Segment Open

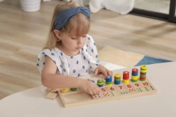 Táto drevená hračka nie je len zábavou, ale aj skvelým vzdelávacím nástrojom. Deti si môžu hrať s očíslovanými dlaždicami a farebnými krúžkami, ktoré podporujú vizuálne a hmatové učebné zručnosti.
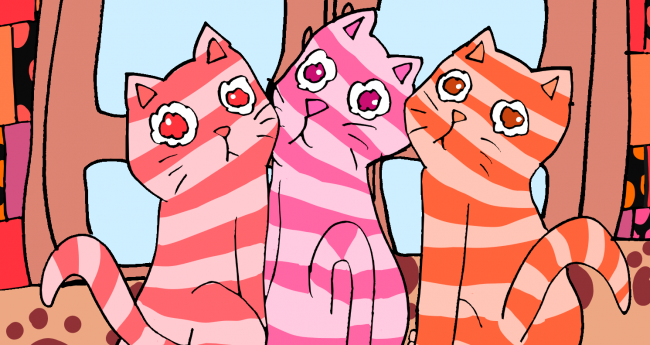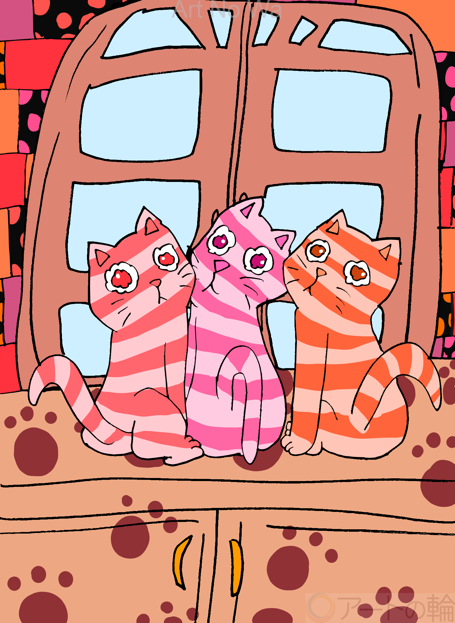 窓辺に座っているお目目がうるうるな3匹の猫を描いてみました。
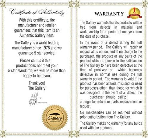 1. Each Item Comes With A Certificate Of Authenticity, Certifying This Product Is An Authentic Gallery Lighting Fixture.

Segment Closed
Segment Open

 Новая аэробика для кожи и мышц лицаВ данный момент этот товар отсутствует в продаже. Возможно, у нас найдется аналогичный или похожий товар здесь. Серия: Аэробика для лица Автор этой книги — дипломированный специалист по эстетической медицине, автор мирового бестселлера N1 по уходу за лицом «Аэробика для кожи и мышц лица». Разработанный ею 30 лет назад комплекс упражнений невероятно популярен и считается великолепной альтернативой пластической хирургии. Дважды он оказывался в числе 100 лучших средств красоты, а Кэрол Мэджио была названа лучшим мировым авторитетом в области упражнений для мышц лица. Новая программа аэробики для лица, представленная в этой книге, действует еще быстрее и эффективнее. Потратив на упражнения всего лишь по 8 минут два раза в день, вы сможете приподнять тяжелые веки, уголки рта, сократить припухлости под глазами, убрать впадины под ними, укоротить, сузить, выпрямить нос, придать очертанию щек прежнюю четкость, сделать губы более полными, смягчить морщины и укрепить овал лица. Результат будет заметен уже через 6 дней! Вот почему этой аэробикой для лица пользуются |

Segment Closed

What to produce
Skipping every picture, transcribe exactly the lines above from the one containing "Táto drevená hračka" through the one containing "1. Each Item", both included.

Task response
 Táto drevená hračka nie je len zábavou, ale aj skvelým vzdelávacím nástrojom. Deti si môžu hrať s očíslovanými dlaždicami a farebnými krúžkami, ktoré podporujú vizuálne a hmatové učebné zručnosti.
 窓辺に座っているお目目がうるうるな3匹の猫を描いてみました。
 1. Each Item Comes With A Certificate Of Authenticity, Certifying This Product Is An Authentic Gallery Lighting Fixture.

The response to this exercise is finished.